What happens when generative AI picks up a pencil, or a brush, or a hammer and chisel?

OK, the last one was kind of facetious, or to put it another way, the world is further from an AI being able to do sculpting.

But there is a certain amount of interest around getting AI agents to use tools – mostly the kinds of tools you associate with the digital desktop. With that said, you may see AI getting closer to a world where non-human actors can “do” a lot of the things that people also do online.

We (humankind) are now in the era of ‘agentic AI’ – some people would say we got there earlier this year. So it’s pretty new. If you listen to Tejas Kulkami of Common Sense Machines talking about some of the newest applications during the recent IEEE/Imagination in Action event, you get the idea that there’s an understanding of how to explore, how systems become creative, and how they work toward goals.

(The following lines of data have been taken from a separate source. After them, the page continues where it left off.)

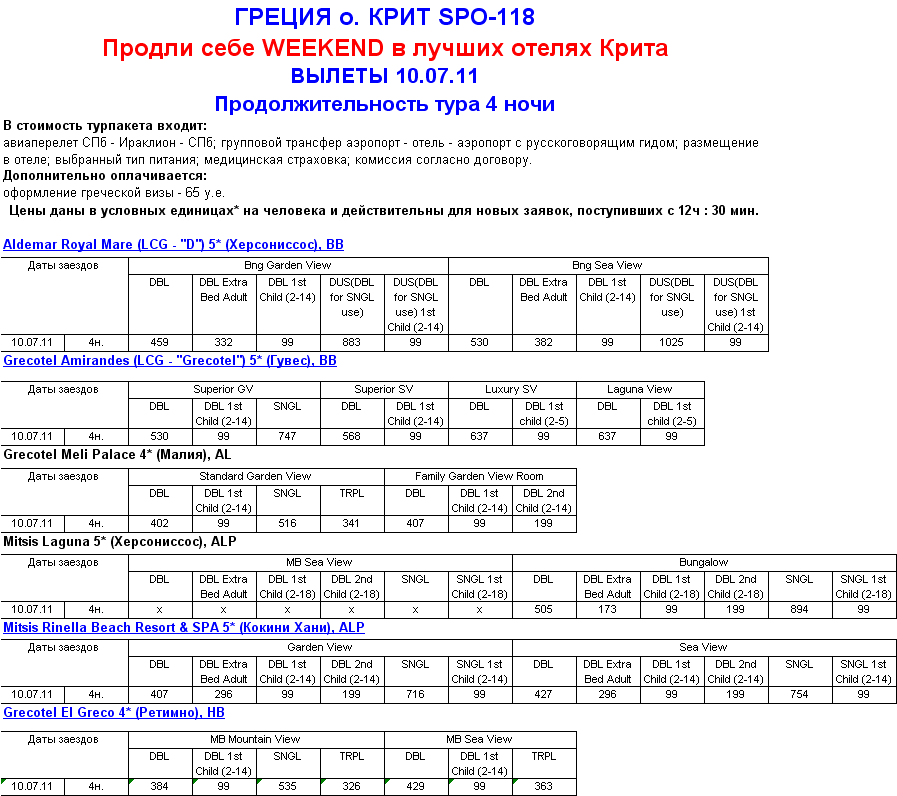 ГРЕЦИЯ, о.КРИТ - ВЫЛЕТ 10.07 - ПРОДЛИ ВЫХОДНЫЕ В ЛУЧШИХ ОТЕЛЯХ КРИТА от 384 у.е. от фирмы ЮЖНЫЙ КРЕСТ |
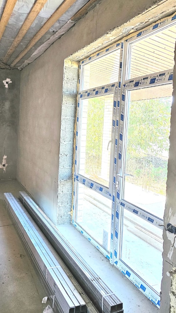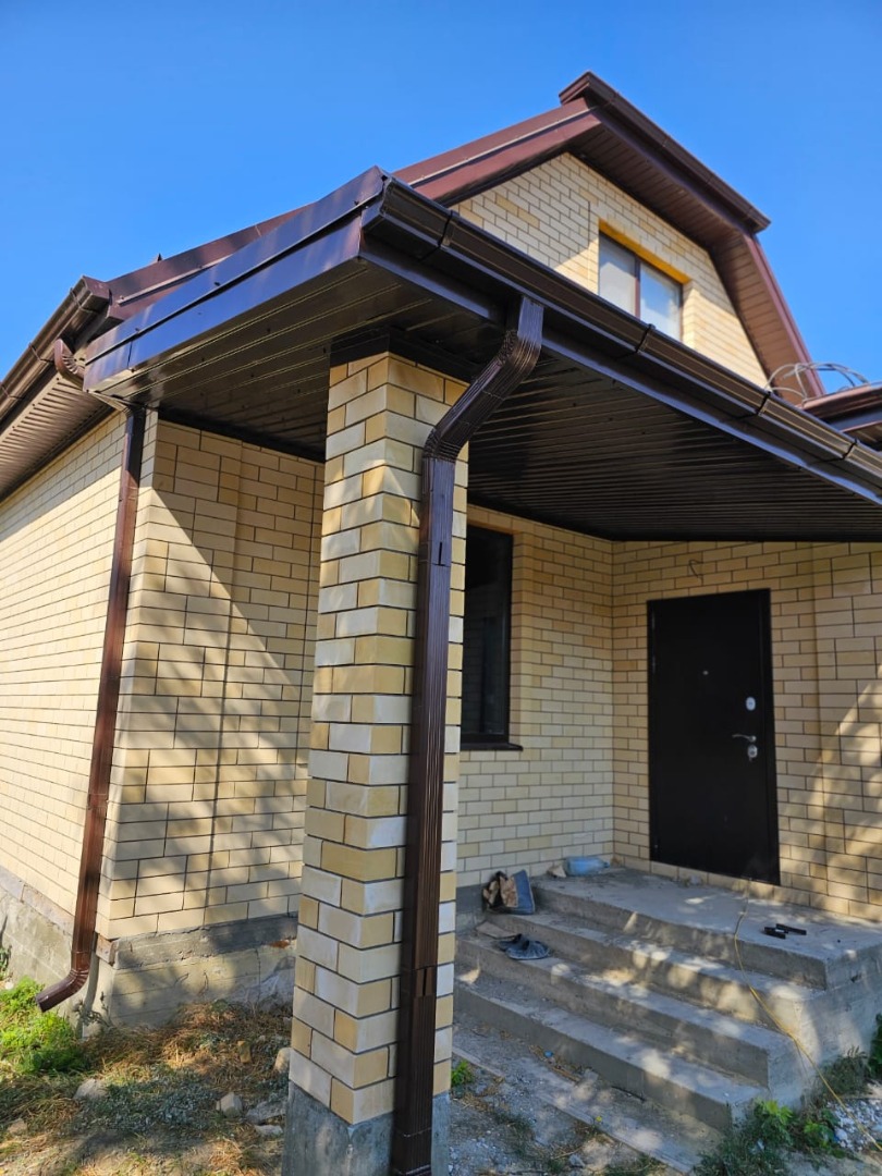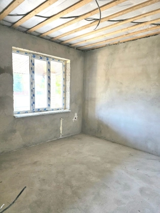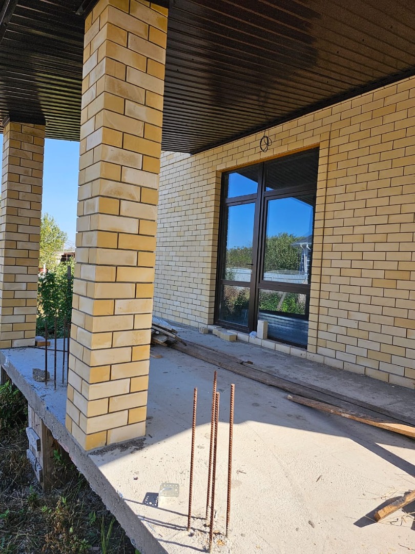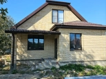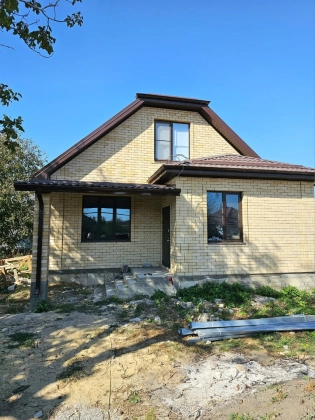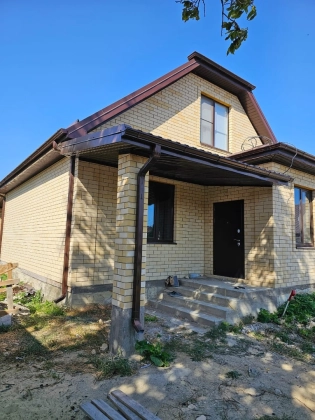 2-этажный дом новый, построен на участке земли в 4 сотках. Дом на высоком фундаменте. облицован желтым кирпичем. Стены из керамзитобетонных блоков, утеплены стены и крыша. Сверху металлочерепица. Есть вода и свет (15 кВт). Газ подведен к дому. Канализация - септик.
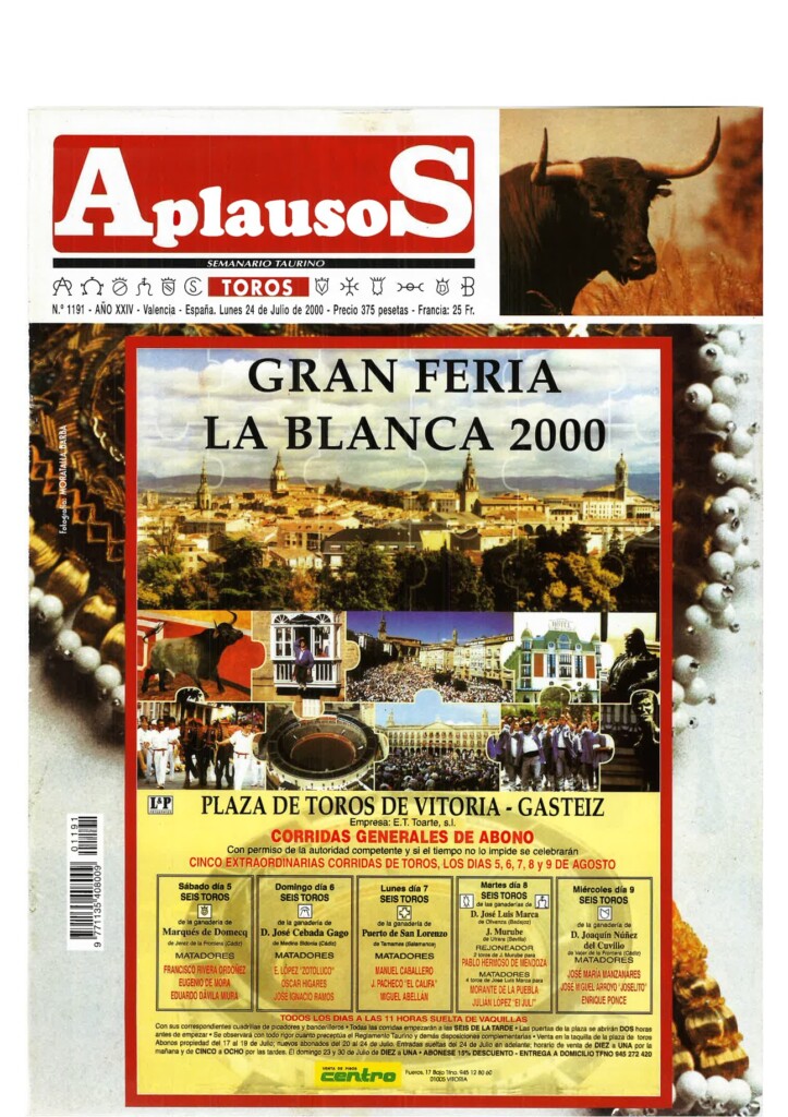 Número 1185 | 12/06/2000 Extraordinaria faena de El Califa a un gran toro de Dolores Aguirre en Madrid
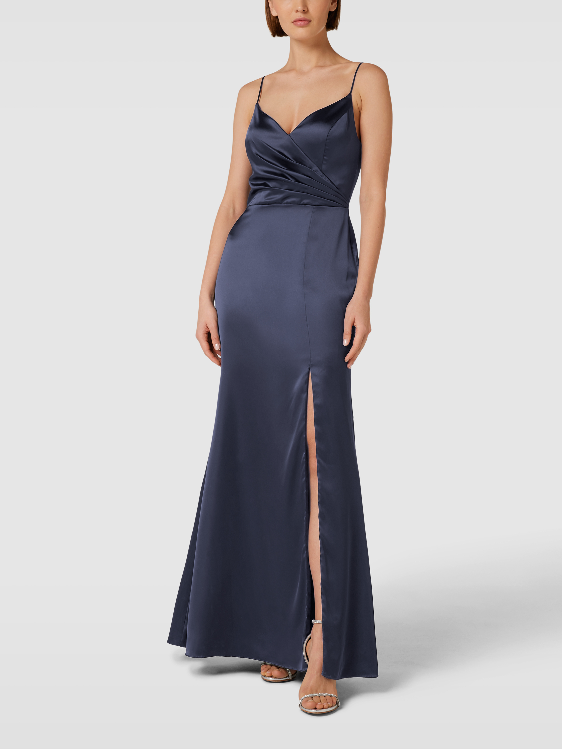 Das Abendkleid von LAONA vereint Eleganz mit einem Hauch von Raffinesse. Der herzförmige Ausschnitt und die Spaghettiträger betonen geschickt die Silhouette, während das Satinmaterial für einen fließenden Fall sorgt. Ein hoher Seitenschlitz verleiht dem Kleid Dynamik und Bewegungsfreiheit.
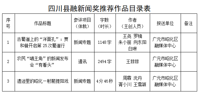 四川省新闻工作者协会组织开展的2025年度四川县融新闻奖暨2025年度四川新闻奖(县融类)评选工作现已开始,经过中心严格筛选、审核,决定报送以下3件作品参评,现予以公示,举报电话为0839-6280182。
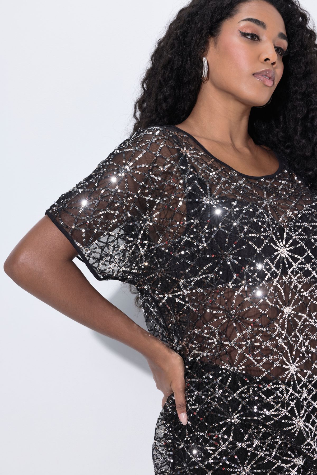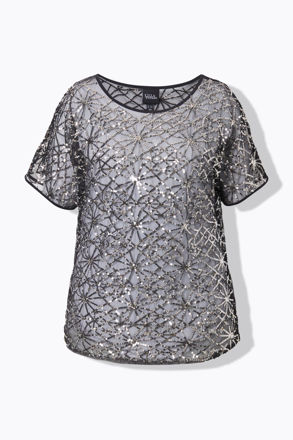 Блуза с геометричен принт с пайети от прозрачна бляскава материя. Фаворит на сезона. С кръгло деколте и къси ръкави. Стил и комфорт
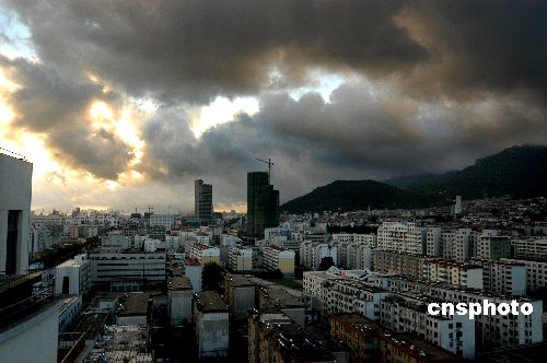 8月20日清晨,连云港市受台风“圣帕”外围云系和热带低压环流影响,整个城市、高山、港口上空乌云突变,黛青色的浓云飞舞,市景、港口、大海与乌云交融,犹如一幅水墨画。中新社发 王春 摄
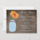 Elegante rustikale Land Brautpartyeinladungen mit einem niedlichen blauen Vintagen Maurerglas vector Illustration und schöne orange Gerberagänseblümchen-Blume auf einem stilvollen Korneffekthintergrund des dunklen Brauns des Shabby Chic gewaschenen heraus verwitterten hölzernen. Nobles, modisches, modernes modernes lädt perfektes für Frühling, Sommer und Fall/Herbstduschen ein. Aller Text kann leicht besonders angefertigt werden, um Ihren Bedarf zu erfüllen und Sie können die Schriftartart, -farbe und -größe des Schriftartes ändern, wenn Sie wünschen. Wenn Sie irgendeine Unterstützung benötigen, die Ihr Produkt in Verbindung treten besonders anfertigt mit mir bitte, durch meinen Speicher und ich bin glücklich zu helfen. MERKEN SIE BITTE: Alles lädt auf Zazzle haben Ebenedruckbilder ein.

In describing how this works, Kulkami helped the audience to imagine the use of digital tools by an artificial agent.

“You have a set of environments - those environments have different rules,” he said. “There’s a policy that takes action.”

The Path Toward AGI

Discussing some of the projects he was involved in 2018 for DeepMind, Kulkami set up a scenario with two agent modules. One is a learner module that learns how to take action. The second is a reward agent that figures out how to use a reward system.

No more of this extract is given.